Al-Sheikh is a close adviser to PA President Mahmoud Abbas and the official responsible for managing Ramallah’s ties with Jerusalem.
For decades, senior Israeli officials rarely met with their Palestinian counterparts, but that has begun to change under the current Israeli government.
Al-Sheikh said he told Lapid about the need for an Israeli-Palestinian peace process, as well as the “regional and international situation.”
“I emphasized to him the need for a political horizon based on signed agreements [between Israel and the PA] and international resolutions, as well as the cessation of unilateral measures that impede a two-state solution,” al-Sheikh wrote in Twitter.
An Israeli Foreign Ministry spokesperson confirmed the meeting but declined to offer further details.
Under the previous government, led by Benjamin Netanyahu, senior Israeli and Palestinians officials rarely met. But the current coalition is made up of centrist, Arab and left-wing, as well as right-wing, politicians who have established contacts with their Palestinian Authority counterparts.
Defense Minister Benny Gantz has met with PA President Mahmoud Abbas twice, including in the Gantz’s residence in Rosh HaAyin. Both meetings were followed by Israeli announcements fulfilling some Palestinian requests.

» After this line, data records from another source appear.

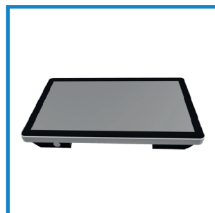
IP 65 frontseitig IP 65 front side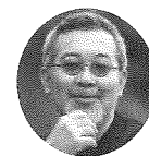
ふじ ひろ し 藤 浩志

障がいのある人の芸術活動に関わり、『日本財団DIVERSITY IN THE ARTS公募展』のアートディレクター、審査員を務めるなど広く活躍。NPO法人エイブル・アート・ジャパン理事、一般社団法人Get in touch理事、社会福祉法人アール・ド・ヴィーヴル理事。一般社団法人ArtInterMix代表。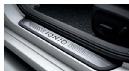
Dritat e përparme LED Pragjet e detyrve me krom me logon IONIQ të stampuar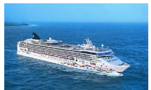
Ihr Schiff – willkommen an Bord!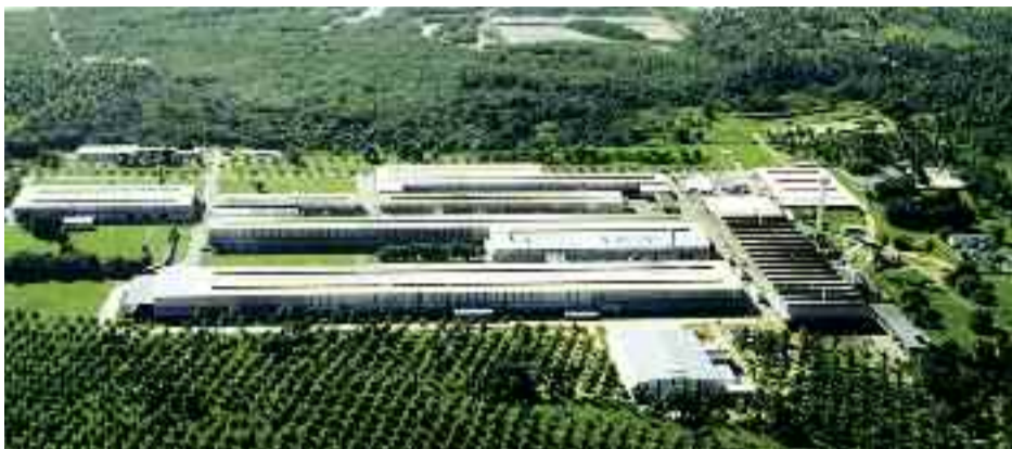
● A Unidade de Itapissuma tem 17% de sua demanda de gás suprida após o leilão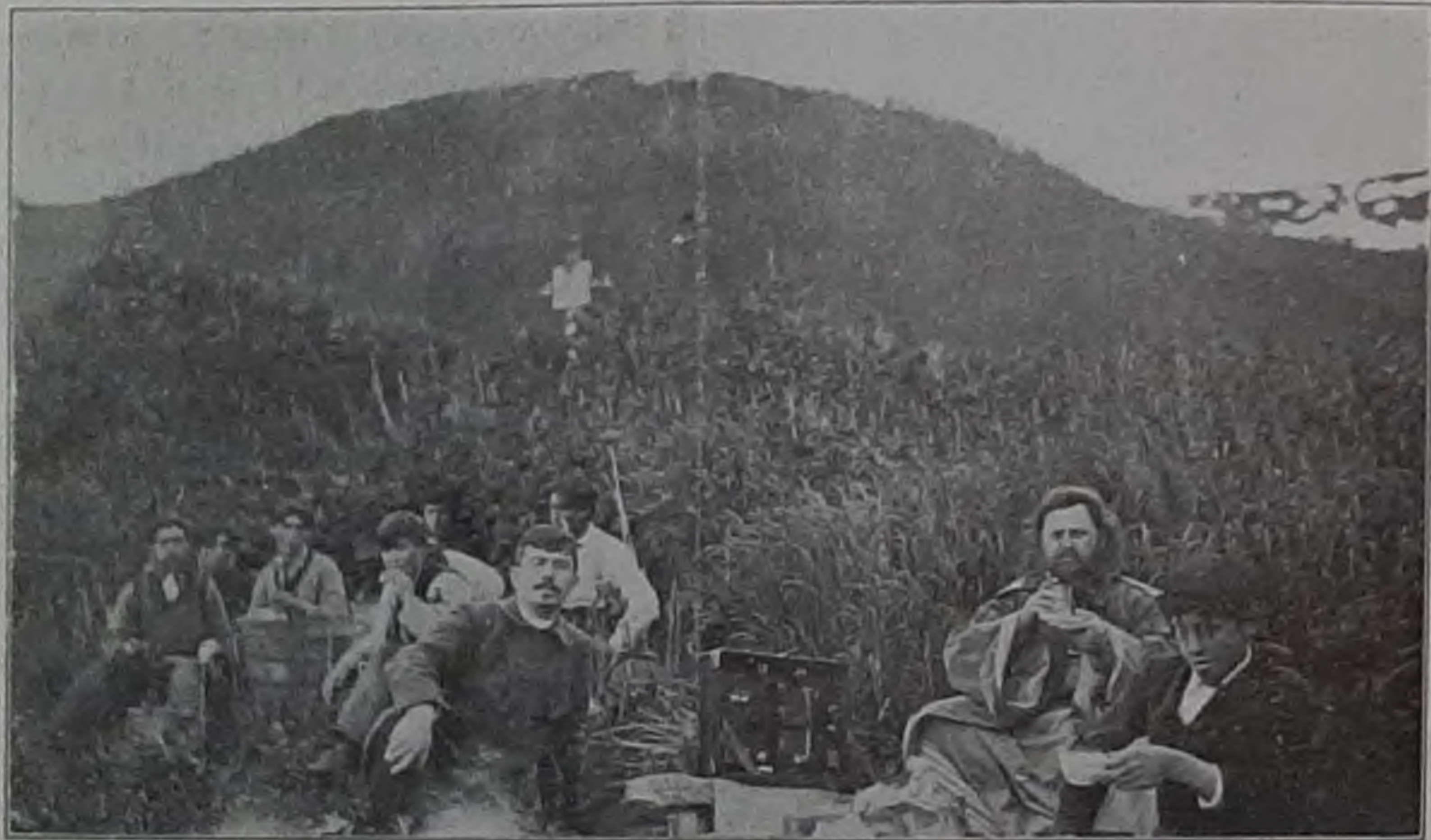
Въ Старой Ситкѣ.

Огонекъ весело потрескивалъ, вода вскипѣла, и мы расположились бивуакомъ завтракать. Подошелъ Барановъ, но безъ ямановъ: тѣ успѣли сберечь жизнь свой за-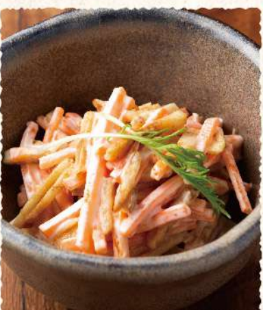
F21 無限にんじん 400 (税込440)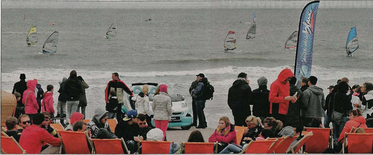
Beach-Feeling ohne Sonnenschein? Die Norderneyer Surffans lassen sich die Laune nicht vermiesen.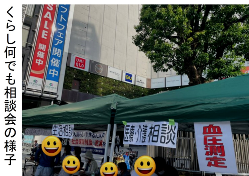
くらし何でも相談会の様子

暑いし、相談に来られる方は少ないかなと思っていたのですが、1時間半で30人ほどの方が来られました。安定した住まいがなく、ネットカフェで生活しておられる方や、住まいを失ったばかりという方をはじめ、病気や生活、法律、労働など、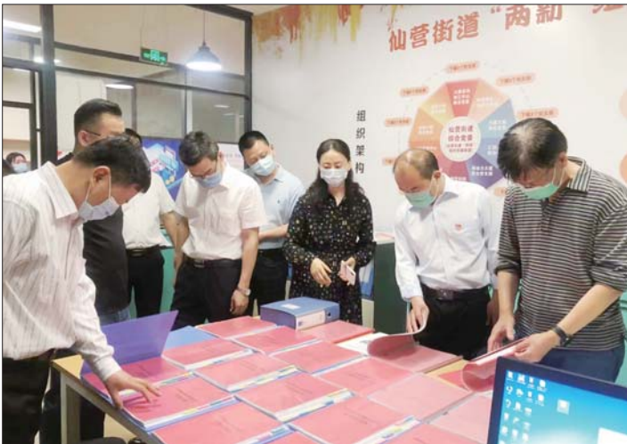
市委党校组织教师深入基层调研。

Prime Minister Naftali Bennett is opposed to renewed peace negotiations with the Palestinians and has refused to meet with Abbas. Nevertheless, his government has pledged to prop up the Palestinian Authority and strengthen its ailing economy, with Gantz spearheading the move.
Lapid is set to replace Bennett as prime minister in 2023, according to coalition agreements. In comments to reporters in early January, however, Lapid stressed that he would not dramatically alter the current policy toward Ramallah.
“Even after [I rotate in as prime minister], the coalition will be obligated to already-reached agreements, and I will abide by every agreement that I made with my partners,” Lapid said, adding that part of his agreement with Bennett was that neither would hold peace negotiations with the Palestinians.
Al-Sheikh has been rising in the ranks of the Palestinian Authority in recent weeks, sparking discussion over whether he might succeed the octogenarian Abbas. Last month, al-Sheikh was promoted to the Palestine Liberation Organization’s Executive Committee, the group’s highest decision making body.